- _Task to carry out_: Output all the entries word for word. Omit the pictures.

- _Data excerpts_:
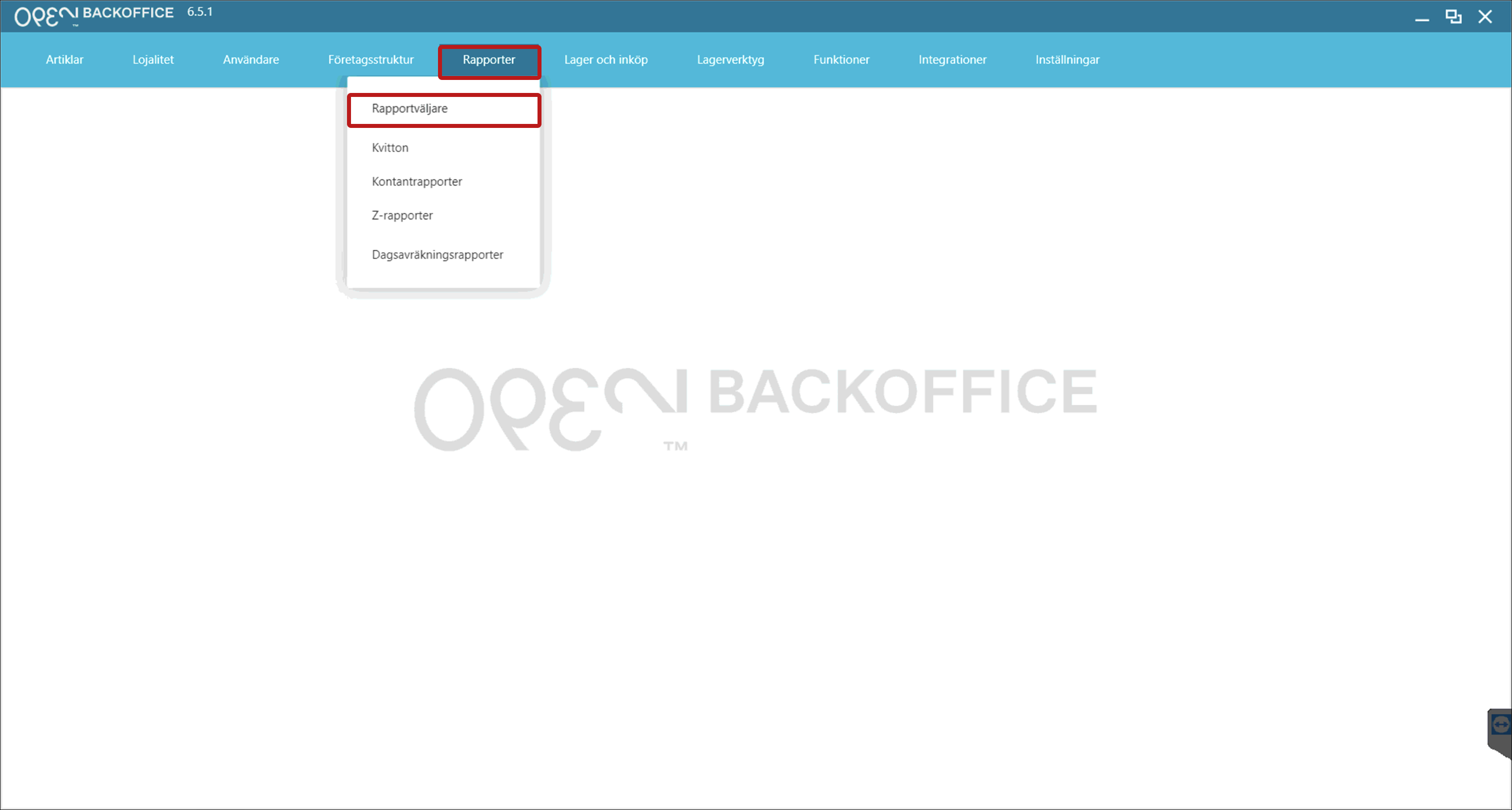 - Gå till Rapporter i toppmenyn (tabmenyn) och välj Rapportväljare.
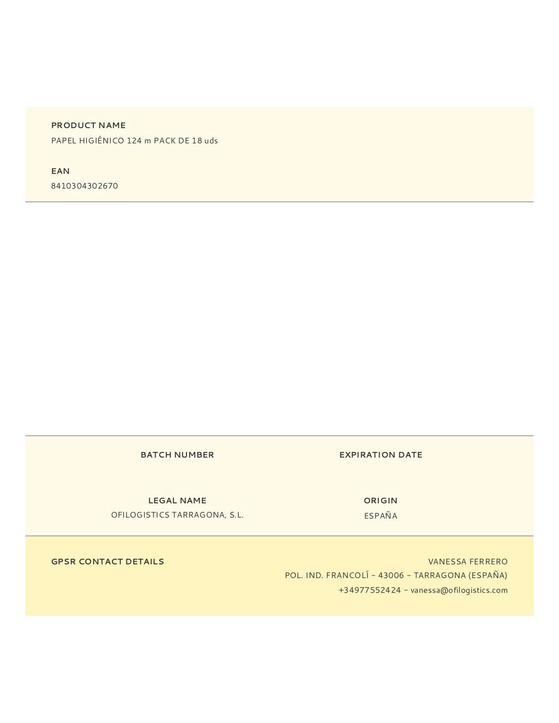 Papel higiénico industrial 2 capas con 620 servicios, 124 m. paquete de 18 rollos
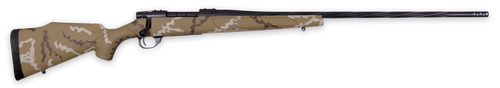Weatherby Vanguard Outfitter bolt-action rifle chambered in 300 Win Mag with a 26" fluted and threaded barrel, 3+1 capacity, and two-stage trigger. Features a tan synthetic Monte Carlo stock with brown and white sponge paint, black Cerakote finish, Accubrake muzzle brake, and weighs 7.25 lbs. Built on Weatherby's proven Vanguard action with integral recoil lug and drilled/tapped steel receiver.
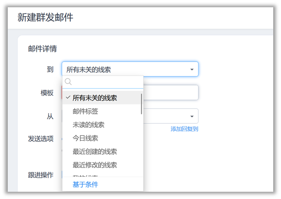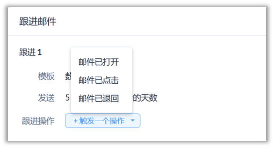 例如,您可以在联系人打开或点击邮件时设置一个跟进任务,例如发送产品详细信息。同样,您可以设置为在邮件退回时触发字段更新。
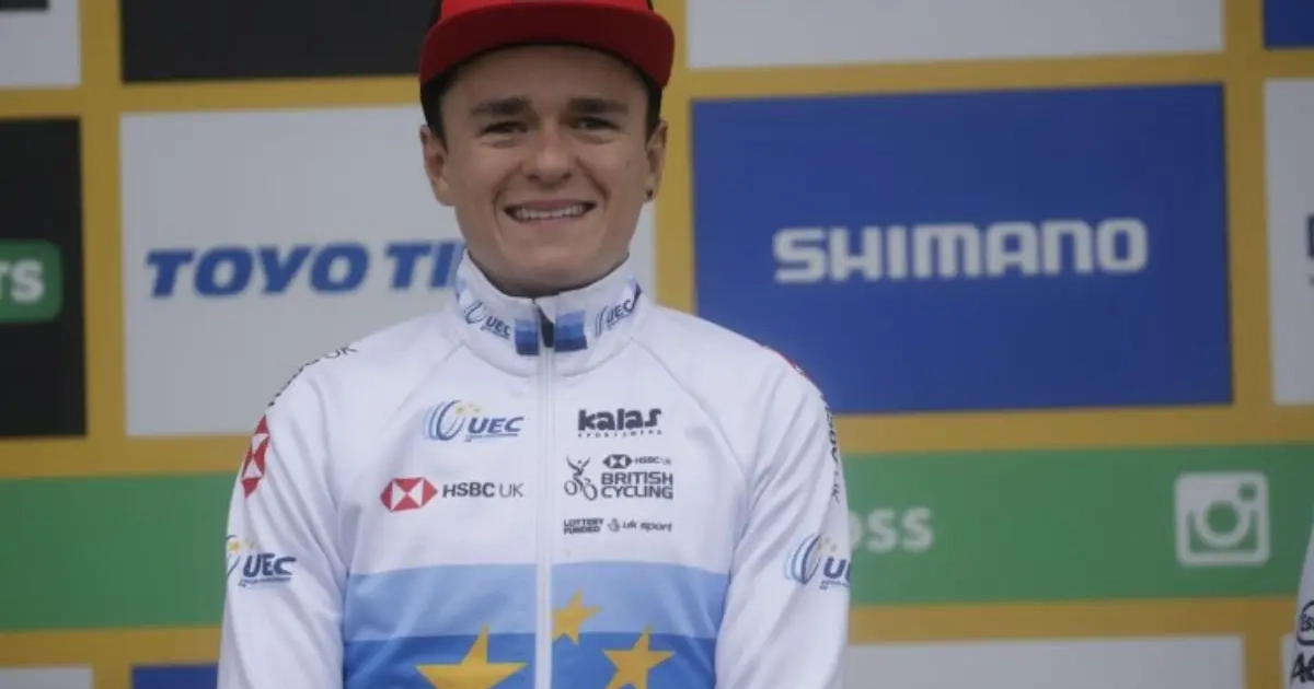 Pidcock pakte uit met een wel heel originele manier om zijn titel te vieren. Op zijn fiets waande de 19-jarige allrounder zich Superman.
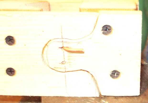 Cortar un segundo lado de una pieza delgada de madera. El más fino, mejor. Va ser flexionada cuando se inserta la batería. Corte un alivio o dejar de lado dos de los tornillos para que la madera se dobla un poco cuando los contactos se deslicen en. La forma de pieza de rompecabezas no es necesaria, pero hace más fácil el corte en una sierra de cinta. Permiten puntas de material de ambos lados que pueden doblar de la manera como se inserta el paquete.
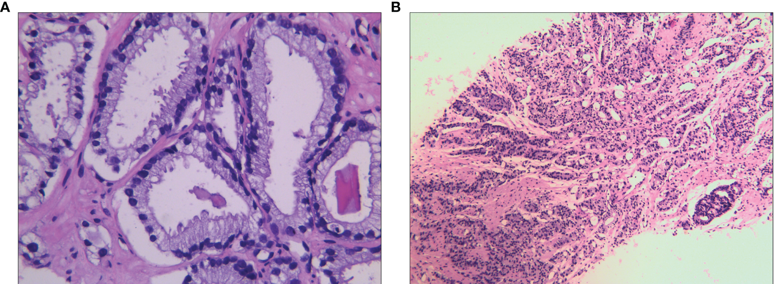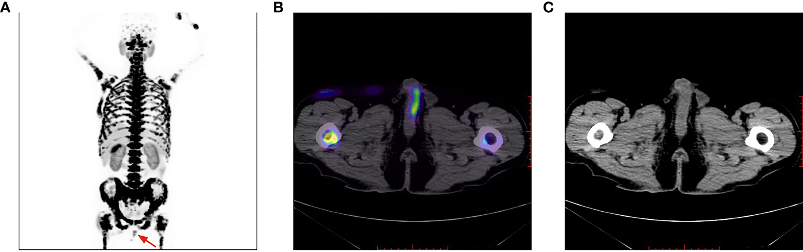 A 60-year-old man visited the hospital with the complaint of intermittent urethralgia and urine arrest. The preliminary screening revealed an elevated PSA of 40.688 ng/ml. Accordingly, prostate cancer was suspected and needle biopsy was performed, followed by confirmation of the adenocarcinoma of the prostate with a Gleason score of 3 + 4 = 7 (Figure 1). Considering the patient’s unwillingness to undergo surgery and external beam radiotherapy (EBRT), the ADT was adopted with bicalutamide and leuprorelin. PSA decreased significantly at the beginning of treatment, but increased gradually as the treatment progressed, to reach 4.86 ng/ml in October 2018. Prostate magnetic resonance imaging (MRI) confirmed prostate cancer with bladder invasion (Figure 2). The patient’s condition was evaluated comprehensively, and radical prostatectomy and cystectomy were conducted. Adenocarcinoma of prostate cancer combined with nerve and vascular invasion was confirmed with an elevated Gleason score of 5 + 5 = 10, and tumor invasions of the bladder neck, bladder mucosa, and submucosal muscularis were also observed. For the reconstruction of the urinary excretory system, ileocystoplasty was performed (Figure 3). A stable serum PSA level (PSA ≤ 0.03 ng/ml) was maintained to reveal a favorable prognosis within a year of surgery. However, a slightly elevated PSA level was noted with a value of 0.035 ng/ml in October 2019, for which ADT with bicalutamide and leuprorelin was undertaken. Biochemical recurrence was suspected, and PET/CT was performed after injection with 11.95 mCi (442.1 MBq) 18F-PSMA-1007 in August 2020 on the recommendation of the patient’s physician with a PSA of 0.072 ng/ml. Surprisingly, no other PSMA-avid foci were located in the prostatic bed and the pelvis, except for an intense uptake in the corpus cavernosum with a SUVmax of 6.4 (Figure 4). Considering the poor efficacy of ADT, abiraterone was applied; meanwhile, the usage of bicalutamide and leuprorelin was discontinued. Subsequently, an elevated PSA level was recorded (0.547 ng/ml) in March 2021 and in July 2021 (6.79 ng/ml) (Figure 5). Enzalutamide combined with denosumab was applied, but abiraterone was discontinued. After several months, the patient showed a marked increase in PSA value (>100 ng/ml), combined with penile bleeding. 18F-PSMA-1007 PET/CT revealed that the uptake of penile lesions was significantly higher (SUVmax 7.4) and that the range of lesions was enlarged than earlier; meanwhile, systemic bone metastasis was detected (Figure 6). Considering the poor prognosis, the patient refused to undergo penectomy, and hence palliative chemotherapy was adopted.
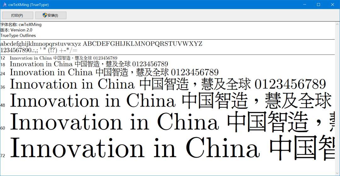 台湾明体cwTeXMing是一款旧字形外观,在一定程度上仿照古籍〈康熙字典〉字体,字形构架 稳固,庄重而大方,适用於古籍文献印刷。
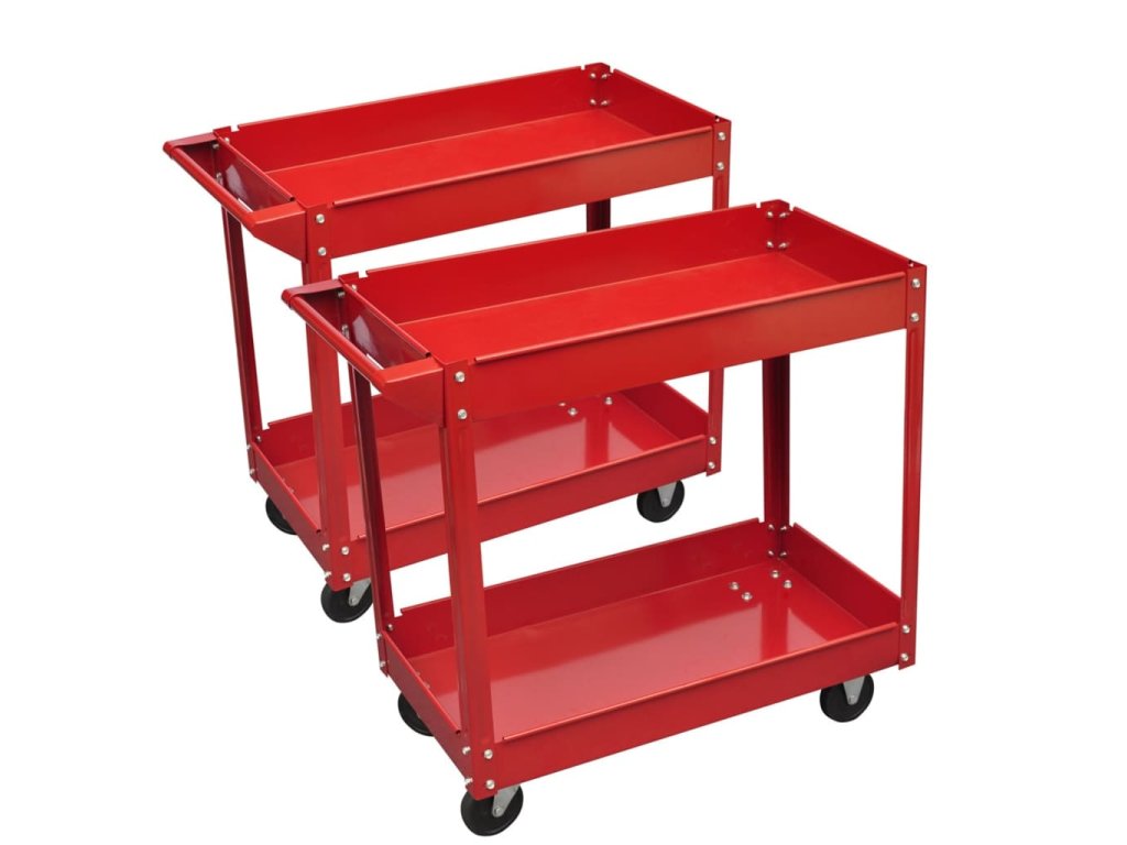 Tento dílenský vozík na nářadí má robustní konstrukci se 2 policemi a unese maximální zatížení 100 kg. Tento dílenský vozík je perfektní volbou pro snadné a bezpečné skladování a přepravu vašeho nářadí v garáži a dílně. Má lakovanou ocelovou konstrukci. Všechna čtyři kolečka se mohou otáčet. Disponuje také vhodnou rukojetí pro manipulaci vozíku. V balení obdržíte 2 dílenské vozíky.
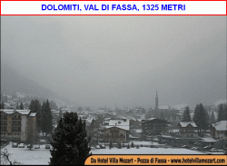 Eccoci nell’area delle Dolomiti e più precisamente in Val di Fassa, a 1325 metri di quota. Non nevica come sulle Alpi Lombarde o in Piemonte, ma il bianco al suolo è ben presente e la nevicata sta continuando, seppure in maniera moderata.
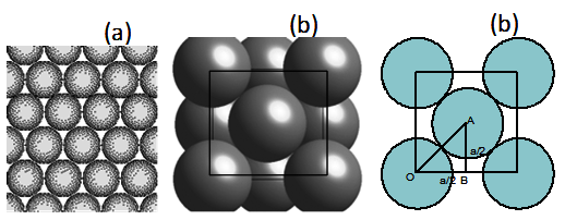 multiplied by volume of a sphere (atom) divided by volume of the unit cell) The closely packed hard spheres are as given in figure2.5. Here the right side a cubic face (b and c) view is given where, you can see the sphere appears in the middle of the face. The lattice constant a is now 2OB (see figure 2.5 c). Considering triangle OAB, the radius of the sphere is just OA/2 that is √2 a/4 . |

- _Exercise solution_:
 - Gå till Rapporter i toppmenyn (tabmenyn) och välj Rapportväljare.
 Papel higiénico industrial 2 capas con 620 servicios, 124 m. paquete de 18 rollos
Weatherby Vanguard Outfitter bolt-action rifle chambered in 300 Win Mag with a 26" fluted and threaded barrel, 3+1 capacity, and two-stage trigger. Features a tan synthetic Monte Carlo stock with brown and white sponge paint, black Cerakote finish, Accubrake muzzle brake, and weighs 7.25 lbs. Built on Weatherby's proven Vanguard action with integral recoil lug and drilled/tapped steel receiver.
 例如,您可以在联系人打开或点击邮件时设置一个跟进任务,例如发送产品详细信息。同样,您可以设置为在邮件退回时触发字段更新。
 Pidcock pakte uit met een wel heel originele manier om zijn titel te vieren. Op zijn fiets waande de 19-jarige allrounder zich Superman.
 Cortar un segundo lado de una pieza delgada de madera. El más fino, mejor. Va ser flexionada cuando se inserta la batería. Corte un alivio o dejar de lado dos de los tornillos para que la madera se dobla un poco cuando los contactos se deslicen en. La forma de pieza de rompecabezas no es necesaria, pero hace más fácil el corte en una sierra de cinta. Permiten puntas de material de ambos lados que pueden doblar de la manera como se inserta el paquete.
 A 60-year-old man visited the hospital with the complaint of intermittent urethralgia and urine arrest. The preliminary screening revealed an elevated PSA of 40.688 ng/ml. Accordingly, prostate cancer was suspected and needle biopsy was performed, followed by confirmation of the adenocarcinoma of the prostate with a Gleason score of 3 + 4 = 7 (Figure 1). Considering the patient’s unwillingness to undergo surgery and external beam radiotherapy (EBRT), the ADT was adopted with bicalutamide and leuprorelin. PSA decreased significantly at the beginning of treatment, but increased gradually as the treatment progressed, to reach 4.86 ng/ml in October 2018. Prostate magnetic resonance imaging (MRI) confirmed prostate cancer with bladder invasion (Figure 2). The patient’s condition was evaluated comprehensively, and radical prostatectomy and cystectomy were conducted. Adenocarcinoma of prostate cancer combined with nerve and vascular invasion was confirmed with an elevated Gleason score of 5 + 5 = 10, and tumor invasions of the bladder neck, bladder mucosa, and submucosal muscularis were also observed. For the reconstruction of the urinary excretory system, ileocystoplasty was performed (Figure 3). A stable serum PSA level (PSA ≤ 0.03 ng/ml) was maintained to reveal a favorable prognosis within a year of surgery. However, a slightly elevated PSA level was noted with a value of 0.035 ng/ml in October 2019, for which ADT with bicalutamide and leuprorelin was undertaken. Biochemical recurrence was suspected, and PET/CT was performed after injection with 11.95 mCi (442.1 MBq) 18F-PSMA-1007 in August 2020 on the recommendation of the patient’s physician with a PSA of 0.072 ng/ml. Surprisingly, no other PSMA-avid foci were located in the prostatic bed and the pelvis, except for an intense uptake in the corpus cavernosum with a SUVmax of 6.4 (Figure 4). Considering the poor efficacy of ADT, abiraterone was applied; meanwhile, the usage of bicalutamide and leuprorelin was discontinued. Subsequently, an elevated PSA level was recorded (0.547 ng/ml) in March 2021 and in July 2021 (6.79 ng/ml) (Figure 5). Enzalutamide combined with denosumab was applied, but abiraterone was discontinued. After several months, the patient showed a marked increase in PSA value (>100 ng/ml), combined with penile bleeding. 18F-PSMA-1007 PET/CT revealed that the uptake of penile lesions was significantly higher (SUVmax 7.4) and that the range of lesions was enlarged than earlier; meanwhile, systemic bone metastasis was detected (Figure 6). Considering the poor prognosis, the patient refused to undergo penectomy, and hence palliative chemotherapy was adopted.
 台湾明体cwTeXMing是一款旧字形外观,在一定程度上仿照古籍〈康熙字典〉字体,字形构架 稳固,庄重而大方,适用於古籍文献印刷。
 Tento dílenský vozík na nářadí má robustní konstrukci se 2 policemi a unese maximální zatížení 100 kg. Tento dílenský vozík je perfektní volbou pro snadné a bezpečné skladování a přepravu vašeho nářadí v garáži a dílně. Má lakovanou ocelovou konstrukci. Všechna čtyři kolečka se mohou otáčet. Disponuje také vhodnou rukojetí pro manipulaci vozíku. V balení obdržíte 2 dílenské vozíky.
 Eccoci nell’area delle Dolomiti e più precisamente in Val di Fassa, a 1325 metri di quota. Non nevica come sulle Alpi Lombarde o in Piemonte, ma il bianco al suolo è ben presente e la nevicata sta continuando, seppure in maniera moderata.
 multiplied by volume of a sphere (atom) divided by volume of the unit cell) The closely packed hard spheres are as given in figure2.5. Here the right side a cubic face (b and c) view is given where, you can see the sphere appears in the middle of the face. The lattice constant a is now 2OB (see figure 2.5 c). Considering triangle OAB, the radius of the sphere is just OA/2 that is √2 a/4 . |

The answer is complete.